The Enduring Challenge of Literacy Issues in Adulthood: Investigating Spelling Deficits among Dyslexic Italian University Students

Brain Sci. 2024, 14(7), 712; https://doi.org/10.3390/brainsci14070712
by Francesca Vizzi 1,2,†, Marika Iaia 1,2,†, Maria Diletta Carlino 1, Chiara Valeria Marinelli 3, Marco Turi 1,2 and Paola Angelelli 2,*
Reviewer 1:
Reviewer 2:
Reviewer 3: Anonymous
Brain Sci. 2024, 14(7), 712; https://doi.org/10.3390/brainsci14070712
Submission received: 27 April 2024 / Revised: 4 July 2024 / Accepted: 11 July 2024 / Published: 15 July 2024
(This article belongs to the Special Issue Neuropsychology of Reading)

Round 1

Reviewer 1 Report

Comments and Suggestions for Authors

Dear author,

The study deals with an interesting and little-studied issue: the distribution of writing errors in individuals with reading disorders. To improve the quality of the manuscript, revision is needed.

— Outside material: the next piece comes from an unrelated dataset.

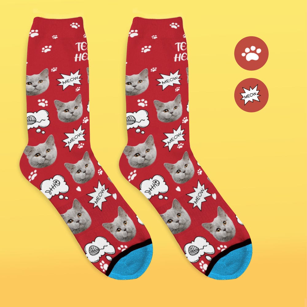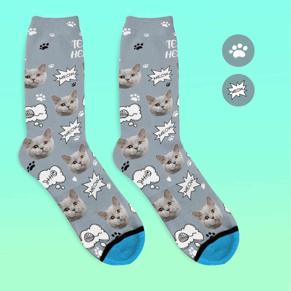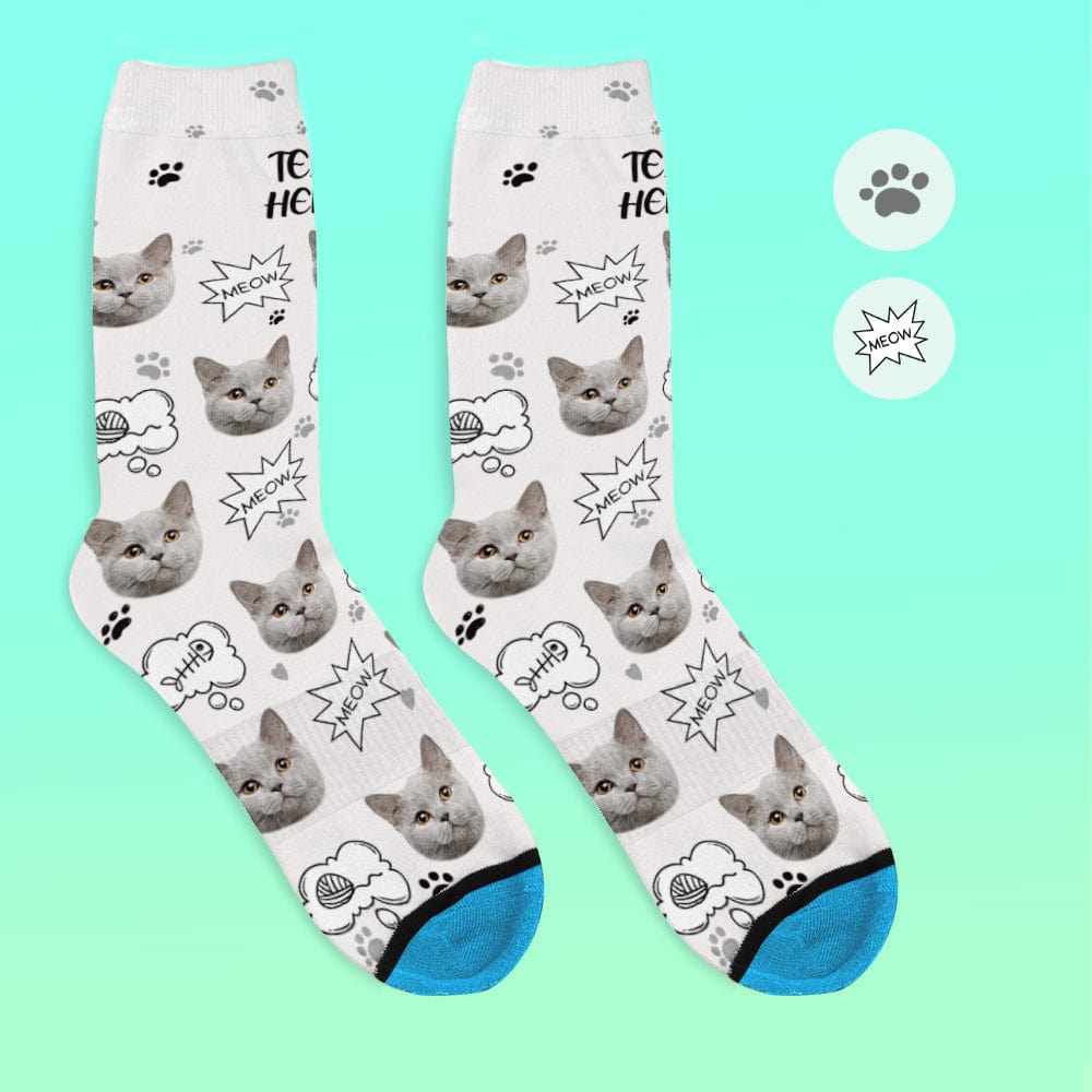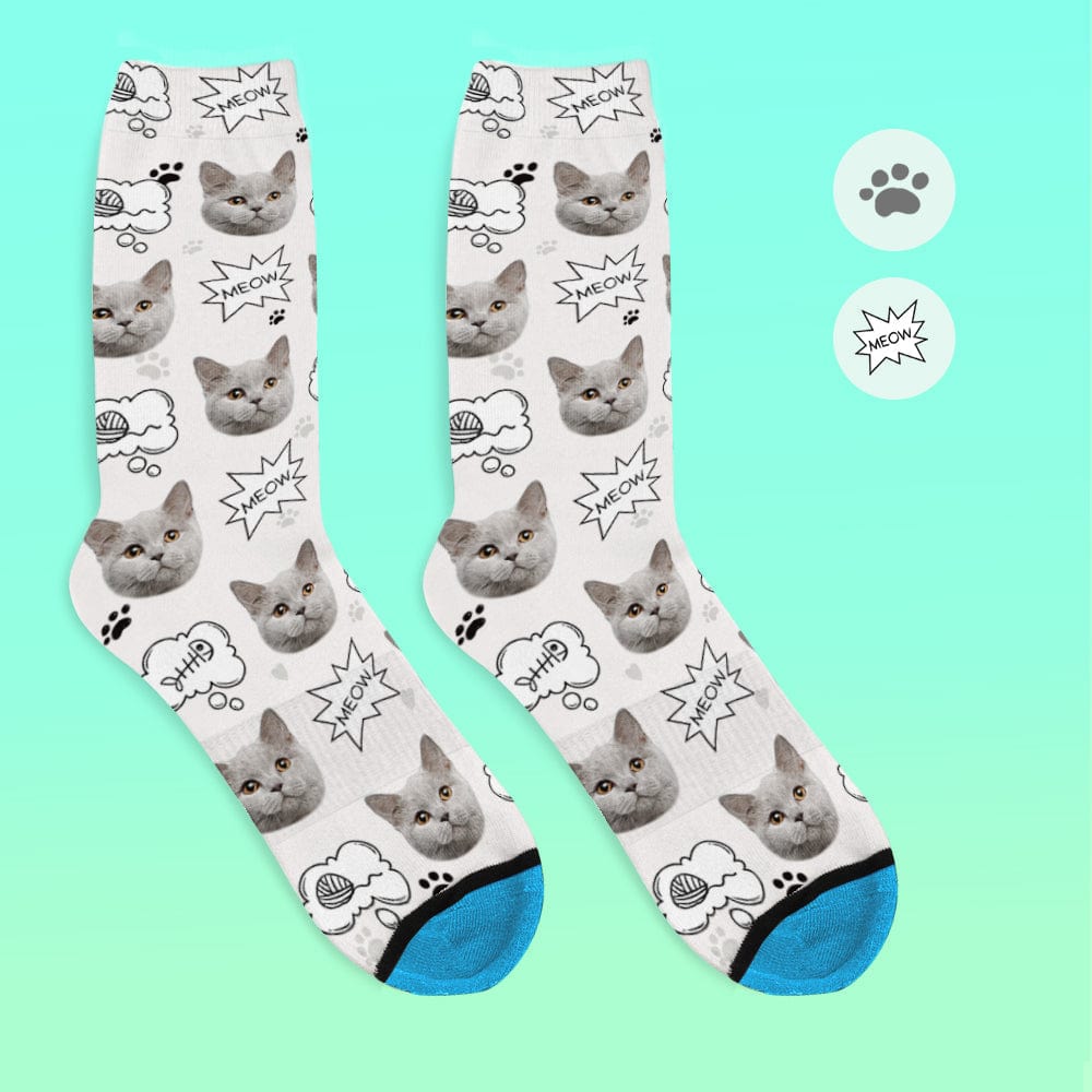 Custom Face Socks 3D Digital Printed Socks Add Pictures and Name - Meow

1. When selecting subjects by reading performance, the inclusion criterion you chose is the 15th percentile. However, this casts doubt on the validity of categorizing individuals with reading skill levels between the 10th and 15th percentiles as dyslexic. Rather, these are nonspecific reading disorders. Justify the validity of expanding the range of dyslexia.

2. It is difficult to compare reading speed with other authors' data because you measure speed in syllables per second rather than words per minute, which is the more traditional way of measuring reading speed. It would be worth adding the equivalent of speed in more traditional units of measurement.

 

3. Descriptive statistics on the results of spelling tasks should be tabulated.

Author Response

Please see the attachment.

 

Sincerely, 

Francesca Vizzi

Author Response File: Author Response.pdf

Reviewer 2 Report

Comments and Suggestions for Authors

The authors examined the spelling performance of adult Italian dyslexics with two tasks: passage dictation and word spelling. In the latter, participants spelled short vs. long and low- vs. high-frequency words, both under normal and articulatory suppression conditions. Dyslexics underperformed controls in both tasks. Articulatory suppression exacerbated difficulties in short and in high-frequency words.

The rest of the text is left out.